● Exercise details
Images don't belong in the copy. Output the rest of the data exactly.

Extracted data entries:
• • • • •

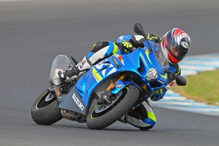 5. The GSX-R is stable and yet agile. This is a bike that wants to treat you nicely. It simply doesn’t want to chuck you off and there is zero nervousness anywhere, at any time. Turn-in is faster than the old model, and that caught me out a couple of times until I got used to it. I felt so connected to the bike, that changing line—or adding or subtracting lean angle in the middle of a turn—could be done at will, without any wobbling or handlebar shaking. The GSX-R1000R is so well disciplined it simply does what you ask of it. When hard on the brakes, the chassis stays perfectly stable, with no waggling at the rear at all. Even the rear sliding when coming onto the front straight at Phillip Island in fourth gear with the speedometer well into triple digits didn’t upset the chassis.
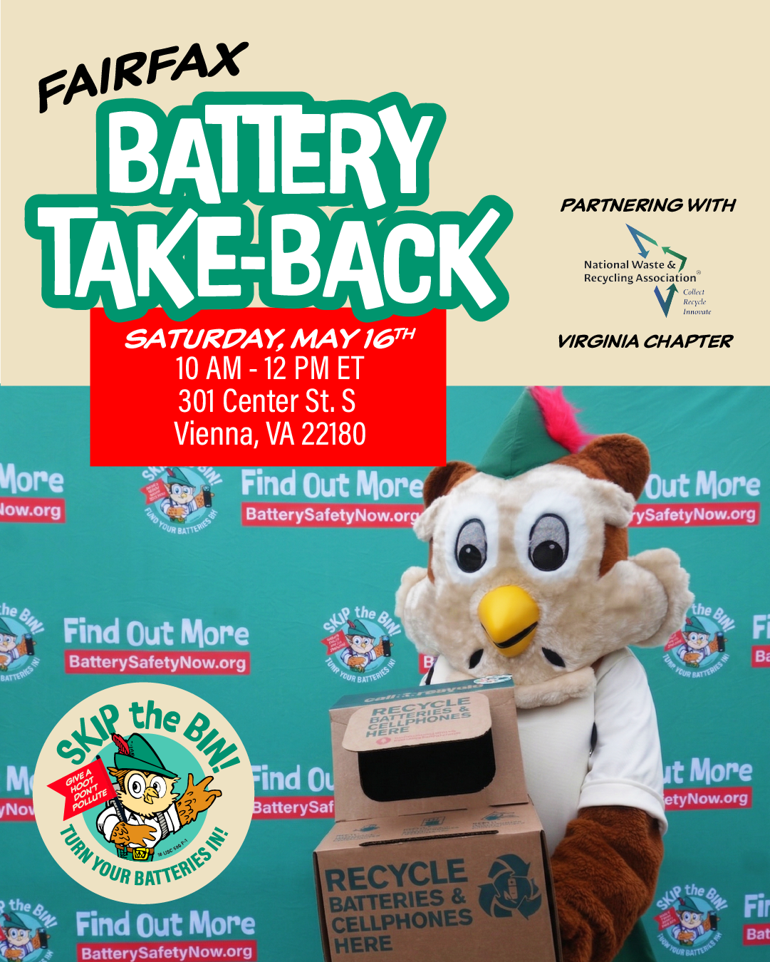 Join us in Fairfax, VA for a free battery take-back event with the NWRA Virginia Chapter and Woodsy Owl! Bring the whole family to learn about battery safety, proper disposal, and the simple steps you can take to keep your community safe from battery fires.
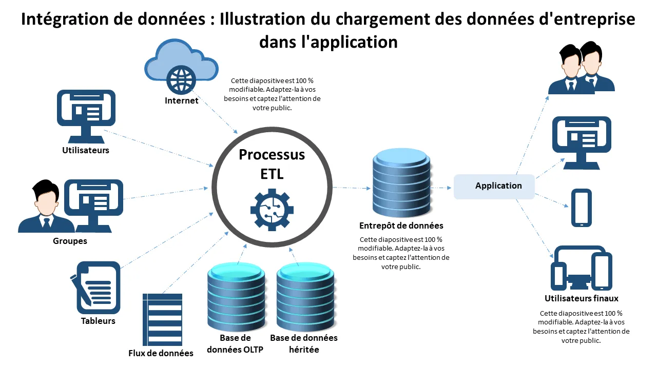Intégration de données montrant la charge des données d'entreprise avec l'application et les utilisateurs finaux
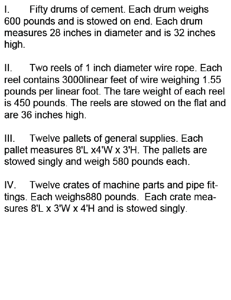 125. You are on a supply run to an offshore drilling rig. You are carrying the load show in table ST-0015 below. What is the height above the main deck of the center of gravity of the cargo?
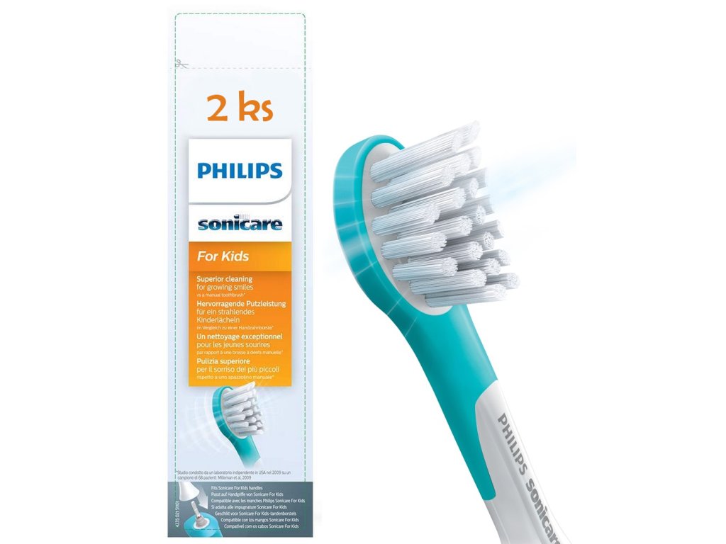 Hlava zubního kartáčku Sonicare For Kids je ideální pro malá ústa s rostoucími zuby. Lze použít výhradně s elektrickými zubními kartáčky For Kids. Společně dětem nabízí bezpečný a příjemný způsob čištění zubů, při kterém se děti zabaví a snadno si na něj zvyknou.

• • • • •

● Answer space
 5. The GSX-R is stable and yet agile. This is a bike that wants to treat you nicely. It simply doesn’t want to chuck you off and there is zero nervousness anywhere, at any time. Turn-in is faster than the old model, and that caught me out a couple of times until I got used to it. I felt so connected to the bike, that changing line—or adding or subtracting lean angle in the middle of a turn—could be done at will, without any wobbling or handlebar shaking. The GSX-R1000R is so well disciplined it simply does what you ask of it. When hard on the brakes, the chassis stays perfectly stable, with no waggling at the rear at all. Even the rear sliding when coming onto the front straight at Phillip Island in fourth gear with the speedometer well into triple digits didn’t upset the chassis.
 Join us in Fairfax, VA for a free battery take-back event with the NWRA Virginia Chapter and Woodsy Owl! Bring the whole family to learn about battery safety, proper disposal, and the simple steps you can take to keep your community safe from battery fires.
Intégration de données montrant la charge des données d'entreprise avec l'application et les utilisateurs finaux
 125. You are on a supply run to an offshore drilling rig. You are carrying the load show in table ST-0015 below. What is the height above the main deck of the center of gravity of the cargo?
 Hlava zubního kartáčku Sonicare For Kids je ideální pro malá ústa s rostoucími zuby. Lze použít výhradně s elektrickými zubními kartáčky For Kids. Společně dětem nabízí bezpečný a příjemný způsob čištění zubů, při kterém se děti zabaví a snadno si na něj zvyknou.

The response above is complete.